Let's say that we have a Python script do.py
and we want to be able to call it without extension, like do
or ./do
.
If we rename the file from do.py
to do
and assure we have a valid shebang line it will work for all platforms but Windows. On Windows there is no way of executing file without extension.
On Windows, if we keep the original file extension we'll be able to call the script without the full name because the Python installer registers the .py
extension as an executable one.
It looks that we need to deliver the same script under two different names in order to be call it on Windows and non-Windows environments. I really do not like this and I'm looking for a solution without this redundancy.
Another common approach on this is to add a do.cmd
wrapper batch file that is calling the original do.py
file. This has at least one major issue: it does break the Ctrl+C / Ctrl+Break because there is no way to prevent cmd.exe
from prompting you with Terminate batch job? (Y/N) message.

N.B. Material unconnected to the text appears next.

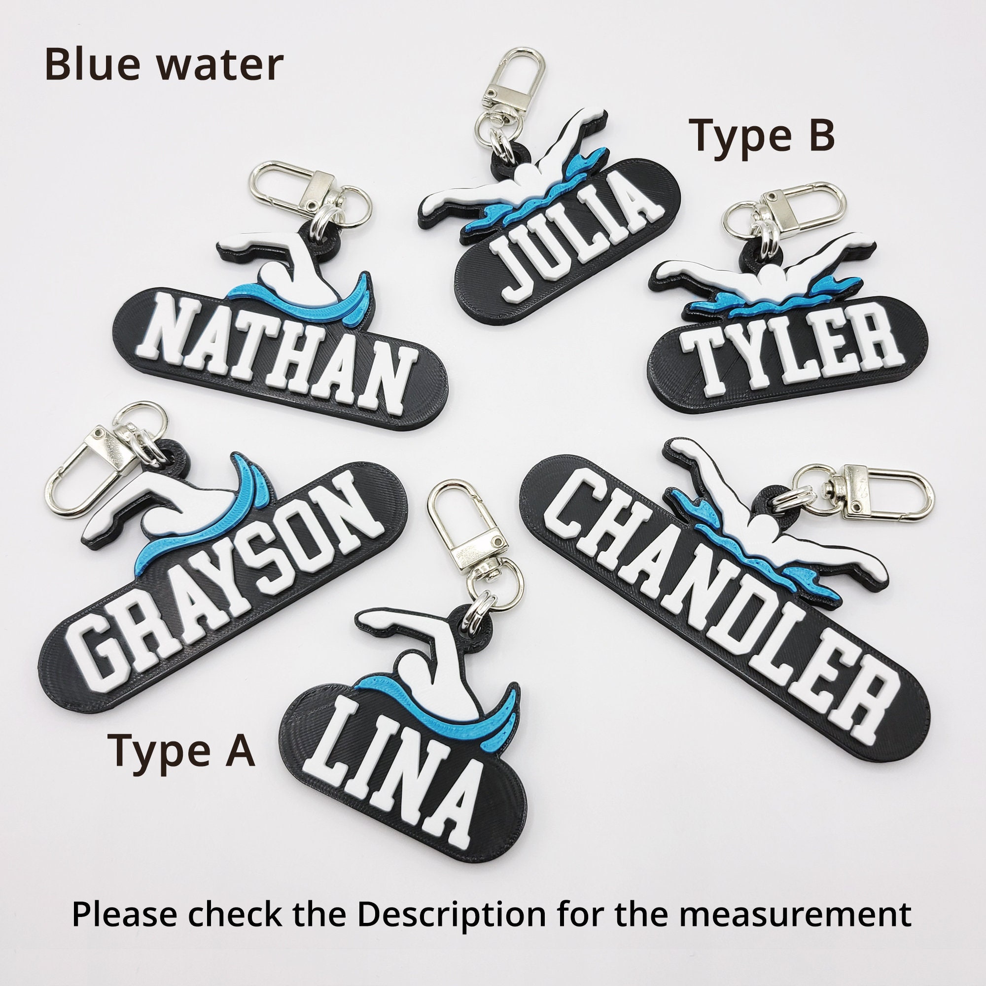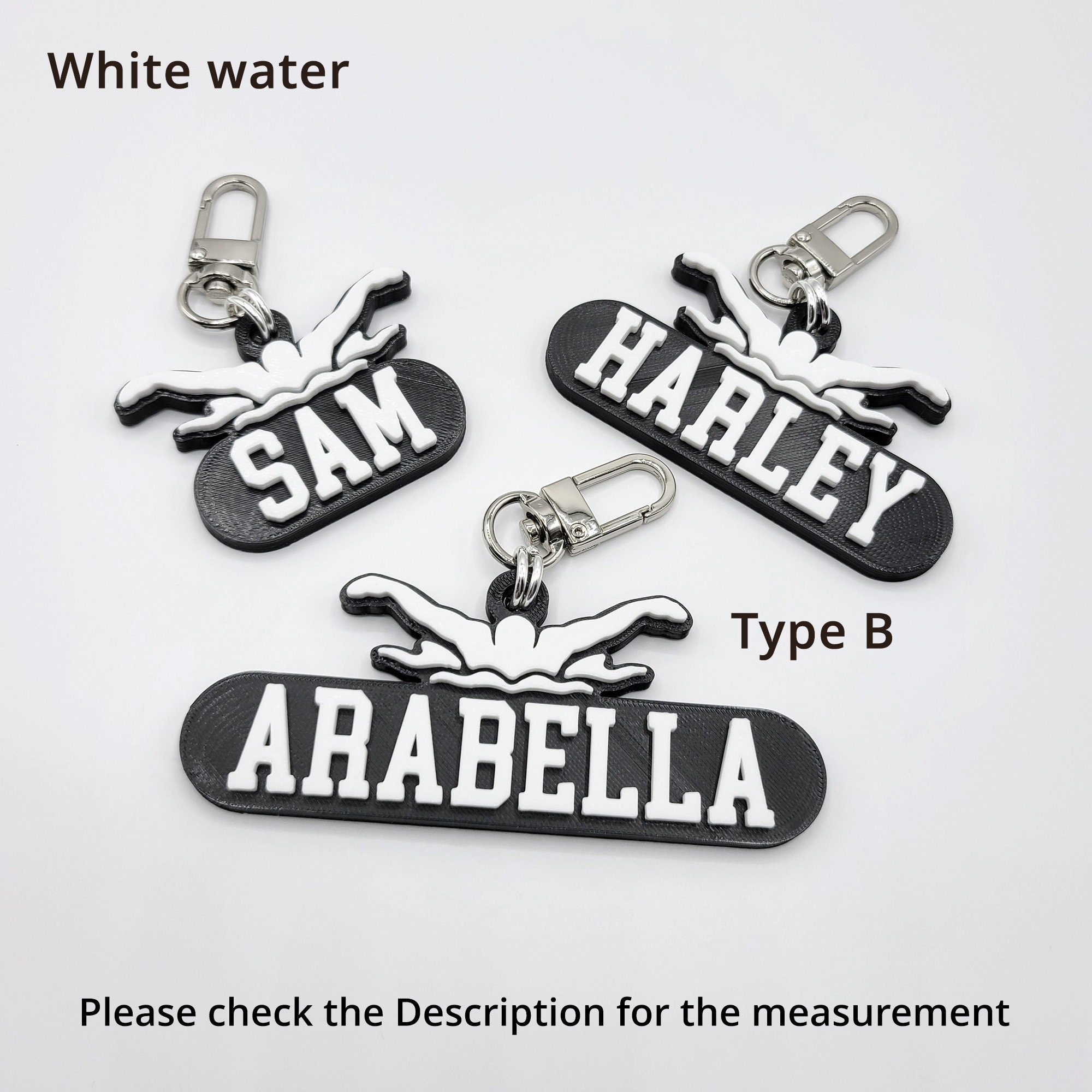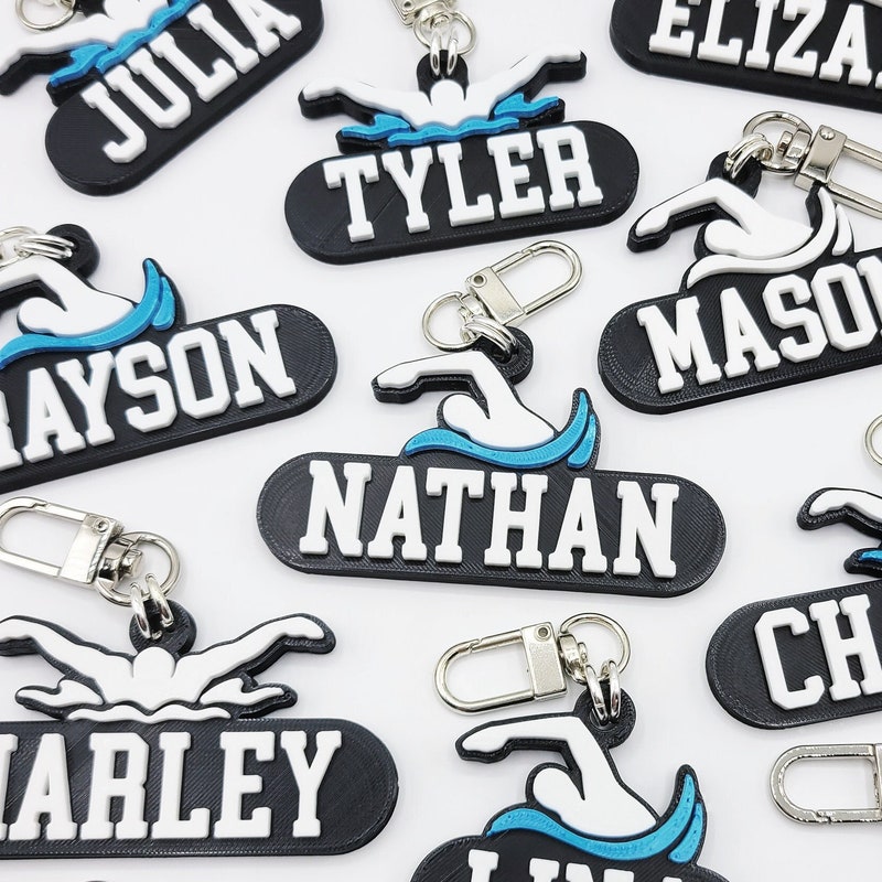 Perfect gifts for swimming lovers and fans! -Personalized Name: Max 10 characters, UPPERCASE ONLY, No special characters -made of hard plastic (PLA filament)

If we are about to use a wrapper we need to be sure that:
I suppose the optimal solution is still to use a wrapper. Batch won't work, native executable would add a lot of complexity so probably a wrapper wrote in python itself would do.
On windows i added the '.py' extension to the 'PATHEXT' environment variable and that works for me - if the .py file is stored in an directory that is part of the 'PATH' environment variable.
C:\>echo %PATHEXT%
.COM;.EXE;.BAT;.CMD;.PY;.JS;.JSE
Write your main Python module with a .py
extension. Set up PATHEXT
correctly, and it will run on Windows without having to type the extension.
On Unix, write a second Python program that simply imports the first, using she-bang syntax. No extension on this file - it's a shell script. Like this:
#!/usr/bin/env python
import do
This will have the effect of importing do.py
.
Only do
needs to be marked as executable for Unix. do.py
is a module in that environment.
When you import a module, the code in the module is run once.
It doesn't completely remove redundancy, but it's close. And it is probably the best solution possible for cross-platform scripting.